LMCache: Eine effiziente KV-Cache-Schicht für LLM-Inferenz im Enterprise-Maßstab / LMCache: An Efficient KV Cache Layer for Enterprise-Scale LLM Inference

Paper-Einführung

Als neuer Ansatz zur Steigerung der Effizienz von Large Language Model (LLM)-Inferenz wurde LMCache vorgeschlagen. Traditionell wurde der KV-Cache im GPU-Speicher abgelegt, um den Decoding-Schritt von LLMs zu beschleunigen. Inzwischen übersteigt die von Nutzern gespeicherte Menge an KV-Cache jedoch die Kapazität des GPU-Speichers. Vor diesem Hintergrund hat sich LMCache als die erste Open-Source-Lösung etabliert, die den KV-Cache außerhalb der GPU verlagert und dessen Wiederverwendung zwischen verschiedenen Queries und Inferenz-Engines ermöglicht.

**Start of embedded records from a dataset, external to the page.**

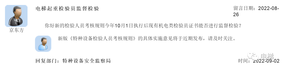 04 問:電梯起重檢驗員監督檢驗 你好新的檢驗人員考核規則今年10月1日執行后現有機電類檢驗員證書能否進行監督檢驗? 總局回復:新版《特種設備檢驗人員考核規則》的具體實施意見將于近期發布,請及時關注。
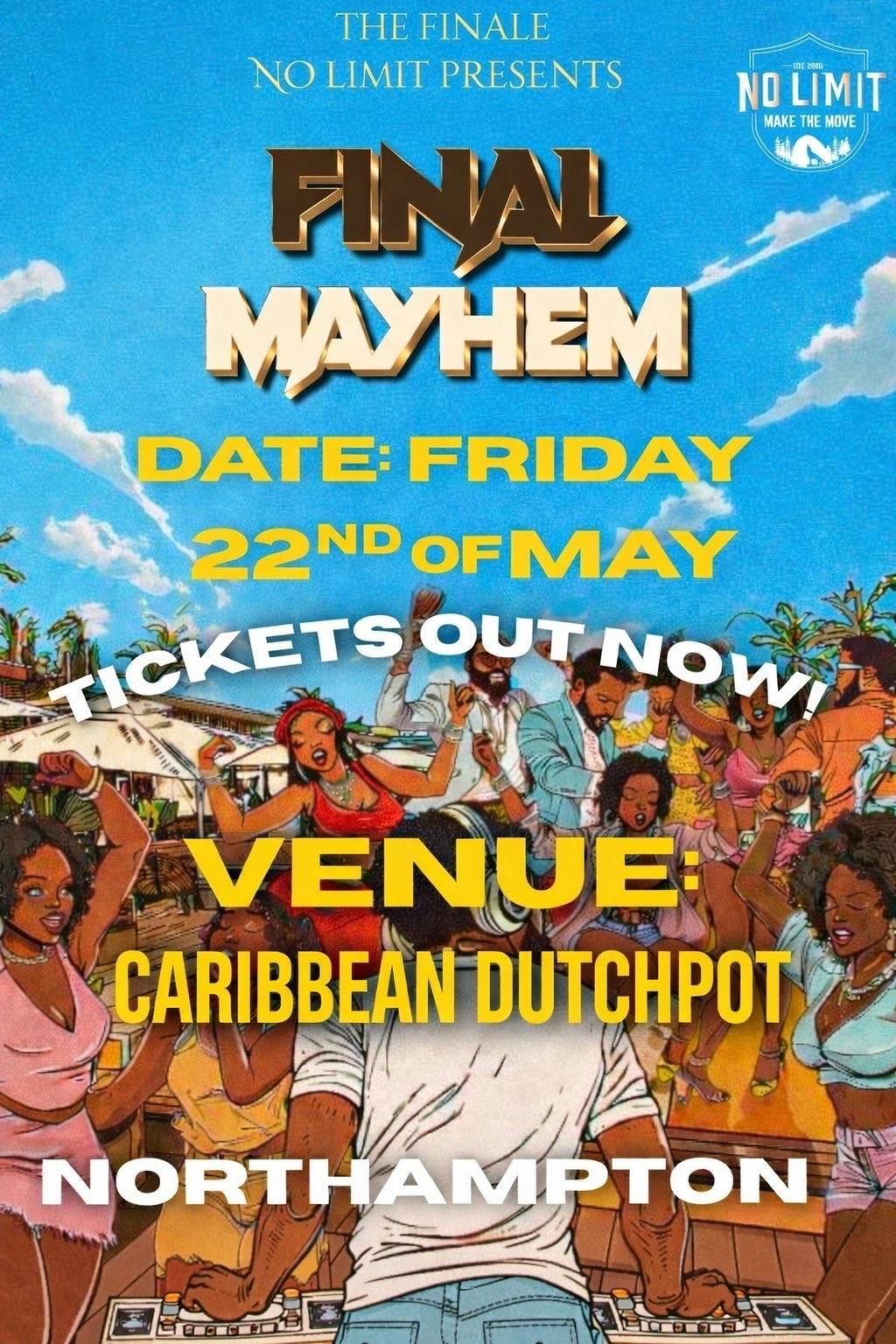 THE MAYHEM CONTINUES… FOR ONE LAST TIME.FINAL MAYHEM.WE ARE RETURNING AGAINNN WITH MAYHEM — NO LIMIT is back with another BANG! If you were at LAST TRAIN BACK, MIDNIGHT MAYHEM, MIDNIGHT MAYHEM RELOADED, GHANA GHANA GHANA, LASTNIGHT MAYHEM, LIMITLESS REIGN, NLB and MIDNIGHT MAYHEM RETURN, then you already know how we do.
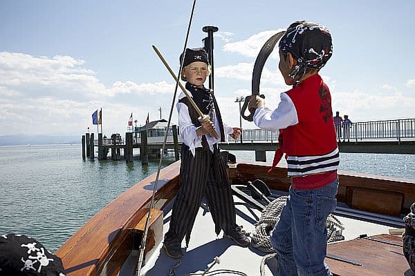 Ein solcher Urlaubsort ist Immenstaad am Bodensee, der vom Tourismusverband Baden-Württemberg bereits mehrfach für seine Familienfreundlichkeit ausgezeichnet wurde. In der malerischen Kulisse der Umgebung erwachen die Kleinsten hier selbst zu „Captain Sparrow“. Denn dank des vielfältigen Ferienprogramms für Kinder ab 3 Jahren können die Racker ihrem Drang nach Bewegung und Abenteuer freien Lauf lassen, wenn es heißt: Ahoi, Piraten! Zum Beispiel starten in den Oster- und Pfingstferien wieder die beliebten Piratenfahrten ab Immenstaad. Mit Kopftuch und Augenklappe ausgestattet begibt sich die ganze Familie dann auf die Suche nach einem versteckten Goldschatz, löst Piratenrätsel und macht auf einer Lädine den Bodensee unsicher. Ein Erinnerungsfoto am Steuerrad rundet das Abenteuer perfekt ab. Aber auch im Familienbad Aquastaad kommen die kleinen Wasserratten in der Piratenlandschaft auf ihre Kosten.
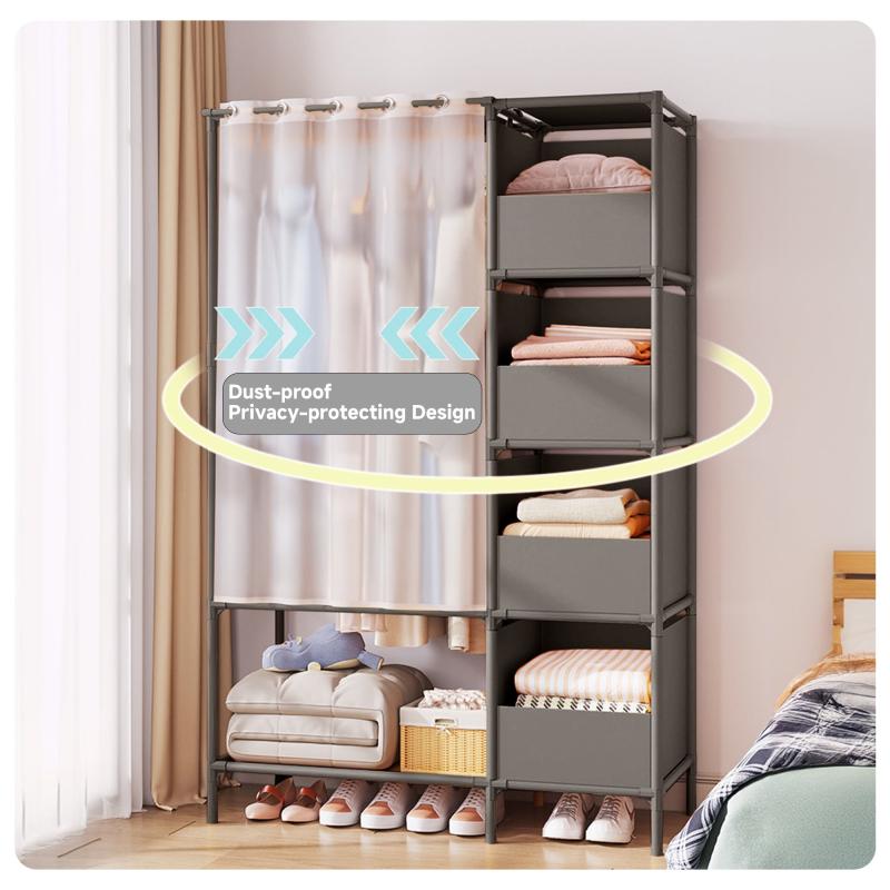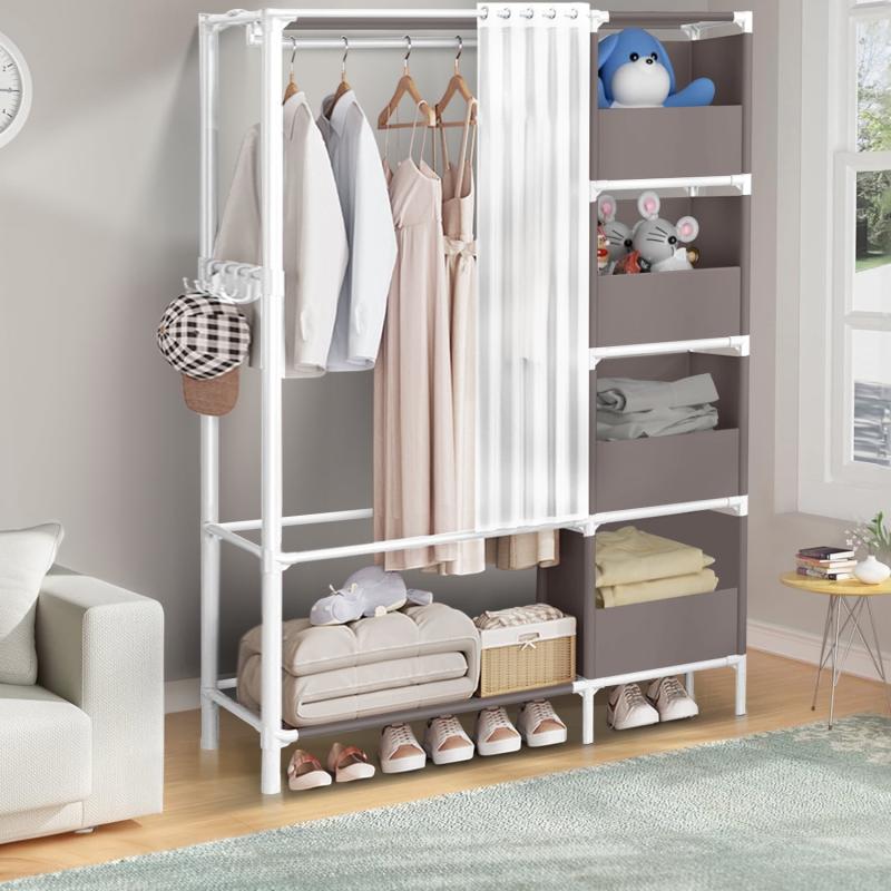 This clothes rack provides semi-open storage space for your clothes, with multiple storage areas and dust curtains, making it easier for you to select clothes and store items. -
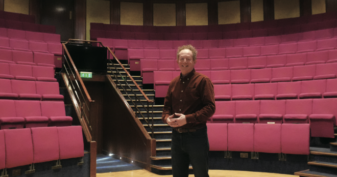 “제가 제일 좋아하는 비밀을 알려드릴게요. 거기, 문 앞부터 관객석까지 쭉 걸어오면서 말을 해보세요. 아무 말이나 괜찮아요.”
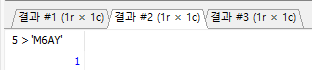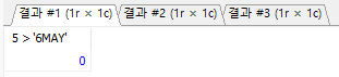 SELECT 5 > '6MAY'; -- λ¬Έμμμ 첫λ²μ§Έλ‘ λμ¨ μ«μλ μ μλ‘ μ νλλ€.
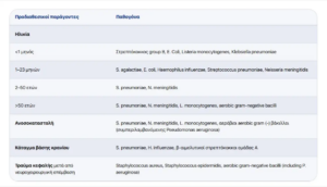 Τα αίτια της βακτηριακής μηνιγγίτιδας διαφοροποιούνται ανάλογα με την ηλικία και άλλους προδιαθεσικούς παράγοντες που απεικονίζονται στον πίνακα.

Die Kernfunktionen von LMCache sind die Unterstützung von Cache-Offloading und der Verteilung von Prefill und Decode (PD). Dadurch wird die Wiederverwendung von Präfixen zwischen Queries möglich, und die Übertragung von Caches zwischen verschiedenen GPUs wird erleichtert. LMCache maximiert die Leistung durch drei wesentliche Beiträge. Erstens wurde die Bewegung von KV-Cache-Daten durch Batch-Datentransfers sowie Pipelining von Berechnung und Ein-/Ausgabe (I/O) optimiert. Zweitens wurde ein modularer KV-Cache-Connector eingeführt, um flexibel auf die Weiterentwicklung verschiedener Inferenz-Engines reagieren zu können. Drittens stellt es eine erstklassige Control-API für die Cache-Koordination zwischen GPU-, CPU-, Storage- und Netzwerkebenen bereit und gibt Nutzern dadurch Flexibilität.

Die Leistung von LMCache zeigte in Kombination mit vLLM bei verschiedenen Aufgaben wie Multi-Round Question Answering und Dokumentenanalyse eine bis zu 15-fache Durchsatzsteigerung. Anhand realer Anwendungsfälle wurde bestätigt, dass das Abrufen von KV-Caches aus Remote-Storage wirksam ist, um die Prefill-Latenz zu verringern. Zudem liefert die Arbeit die wichtige Erkenntnis, dass die in der Industrie weit verbreitete Technik der Kontext-Trunkierung die Präfix-Cache-Trefferquote halbieren kann.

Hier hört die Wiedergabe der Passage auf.